We hung up, and I refocused on Angel. “What happened next?”

“Where were we?”

“Hector. The bar. The football players. The gun.”

“Oh, yeah, so Hector pulls a gun, and one of the guys knocks it out of his hands all stealthy like. Then there is this huge fight, and they knock him out. They freak. The owner of the bar tells them to go home. He’ll take care of it. They are all buddies, I guess. He doesn’t want them to lose their careers over some piece of shit like Hector Felix.”

That guy was seriously disliked.

“They leave, and the barkeep calls this other guy. Some friend of his, but before he even shows up, Hector wakes up. He tells the barkeep he’s coming back to kill him and that he wants the names of the guys so he can kill them, too.”

“Dude’s got issues.”

“But Hector leaves all beat up and covered in blood and shit. Then he ends up dead a few hours later. Interesting, don’t you think?”

“Very,” I said. “Which bar was that?”

“They aren’t open. It’s too early.”

“But they serve food. They’ll have deliveries.”

“Suit yourself,” he said with a shrug. “Trickster’s on San Mateo.”

I made a U-turn first chance I got and headed to Trickster’s.

14

Some days I amaze myself. Other days I put my keys in the fridge.

—MEME

“Where are you?” Cookie asked when she picked up. I was sitting outside the bar, waiting for a delivery truck to show up.

“I’m at Trickster’s. I need to talk to the owner. Can you get me a number?”

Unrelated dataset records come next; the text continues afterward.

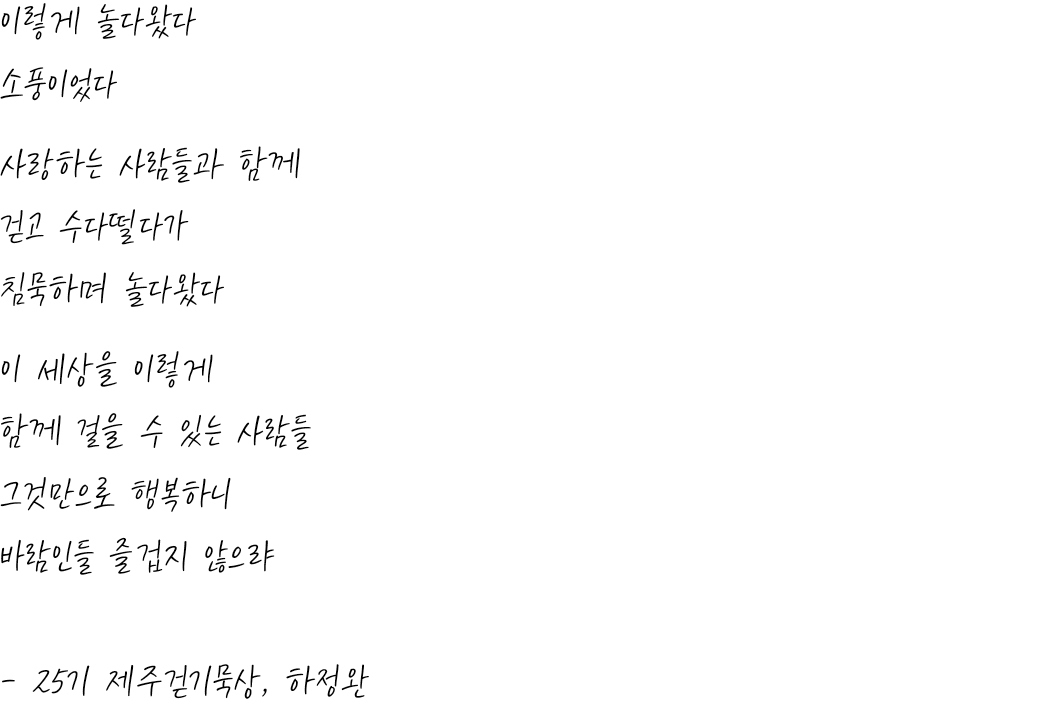 20대 때부터 지금까지 제주를 여러 번 가봤지만 눈뜬 소경처럼 제대로 보지 못했던 제주의 속 모습을 보게 해주셔서 감사드립니다.
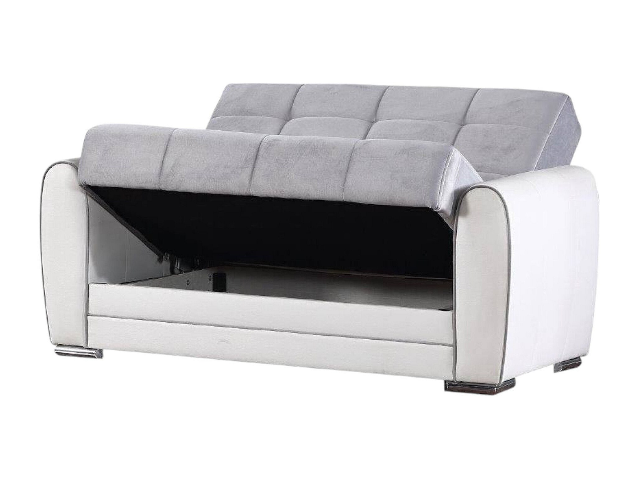Canapé Pablito, Canapé d'angle conteneur en éco-cuir et tissu, Canapé de salon avec ouverture clic-clac et péninsule réversible, 163x84h91 cm, Blanc et Gris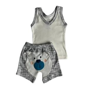 Design:A regata é moderna e prática, facilitando a troca de roupas. O short combina perfeitamente, garantindo um visual harmonioso e divertido.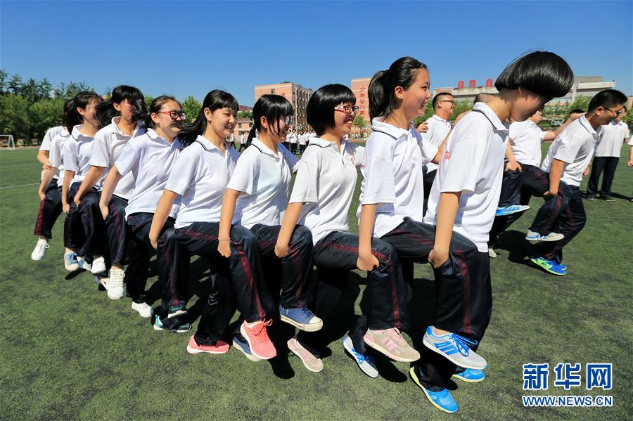 6月6日,河北省衡水市第二中學高三學生在運動場上通過趣味運動釋放考前壓力。當日,記者從教育部獲悉,2017年全國統一高考將于6月7日至8日進行,部分省(區、市)由于考試科目設置不同,9日仍安排有考試科目。今年全國高考報名考生共940萬人。新華社記者 牟宇 攝 -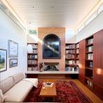 The design team discovered that Roessner’s original plans called for clerestory windows in the family room and on the south wall in the living room. They had been cut from the project due to cost, so these windows were re-instated during the remodel to realize the original vision and improve daylighting in both areas. In the family room the concrete hearth mimics the design of the iconic, cantilevered front balcony. The sliding cabinet doors were crafted to change the functionality from library to entertainment center. New sliding pocket doors with pocket covers designed to conceal the pockets when doors are open, were built to accommodate the new ceiling height. The original mid-century Herman Miller sofa and coffee table were restored, reupholstered and reused.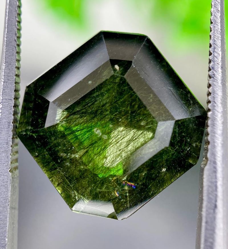 5.15 CARATS NATURAL RARE LOUDGITE PERIDOT 5.15 Carats Natural Rare Loudgite PeridotStone = Natural PeridotWeight = 5.15 CaratsColour = Green / BlackCut = Fancy Inclusion = LoudgiteNote = Gem Cil, Certified, Precise Custom Cut (Not Commercial) Condition: Good - Refer Images 0488335+6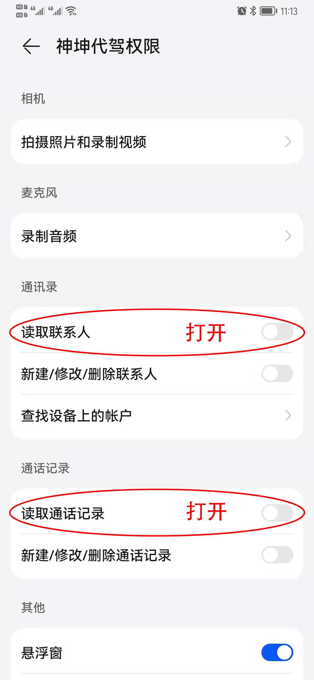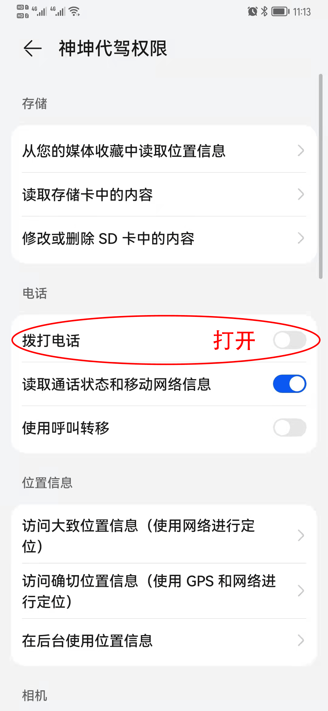 注:存储、拨打电话、位置信息、麦克风权限一定要开启。

“Sure. Amber told me what’s going on. What the hell?”

“Right? Some people, people I like to affectionately refer to as idiots, think they can talk to Deaf kids any way they want without consequences. I don’t know what this chick’s problem is, but I need dirt, Cook. Something with grease that will stick hard enough to get her ass fired.”

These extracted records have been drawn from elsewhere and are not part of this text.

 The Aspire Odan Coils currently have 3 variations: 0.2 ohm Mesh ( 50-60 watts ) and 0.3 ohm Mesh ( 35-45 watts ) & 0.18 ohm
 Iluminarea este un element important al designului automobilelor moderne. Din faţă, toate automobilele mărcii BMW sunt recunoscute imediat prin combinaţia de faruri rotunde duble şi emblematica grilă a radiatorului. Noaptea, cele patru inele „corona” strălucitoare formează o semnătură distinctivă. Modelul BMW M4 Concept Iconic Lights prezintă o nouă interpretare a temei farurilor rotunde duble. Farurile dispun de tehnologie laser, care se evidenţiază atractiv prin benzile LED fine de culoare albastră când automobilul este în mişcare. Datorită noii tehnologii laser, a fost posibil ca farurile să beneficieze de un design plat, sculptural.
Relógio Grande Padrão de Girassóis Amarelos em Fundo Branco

“On it. Now, why are you at a bar at seven in the morning?”

I explained about the football players and had her scour the Internet for something, anything, that may have mentioned the fight that night. She promised to get back to me if she got a hit.

In the meantime, Angel left to check on his mother, and Artemis tore out of the car to chase some strange noise she heard in the distance, so it was just me and Misery. Left to our own devices. Would people never learn?

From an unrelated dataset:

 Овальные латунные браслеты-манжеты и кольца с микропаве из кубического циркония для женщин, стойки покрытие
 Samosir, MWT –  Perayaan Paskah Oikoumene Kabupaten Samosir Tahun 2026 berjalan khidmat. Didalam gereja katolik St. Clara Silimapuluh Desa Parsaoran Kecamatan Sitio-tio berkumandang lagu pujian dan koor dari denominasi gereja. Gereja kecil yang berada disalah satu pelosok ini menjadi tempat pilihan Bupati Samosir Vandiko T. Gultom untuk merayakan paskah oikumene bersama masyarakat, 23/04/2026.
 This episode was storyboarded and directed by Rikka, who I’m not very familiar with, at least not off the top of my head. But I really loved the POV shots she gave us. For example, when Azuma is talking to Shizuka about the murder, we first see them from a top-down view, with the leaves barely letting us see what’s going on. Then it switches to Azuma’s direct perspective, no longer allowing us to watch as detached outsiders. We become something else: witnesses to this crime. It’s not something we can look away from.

I grabbed my phone, checked messages, then bought a digital copy of the third book, Stardust, since I’d left the paperback copy at the apartment. I’d barely opened the app to read it when a delivery truck pulled up.

If Angel had been there, I could’ve asked him if the guy taking the delivery was the bar owner. Perhaps the departed man in the Hawaiian shirt waving at me from on top of the delivery truck would know.

I motioned him down with a wave of my own, at which point he took Angel’s place in the passenger’s seat.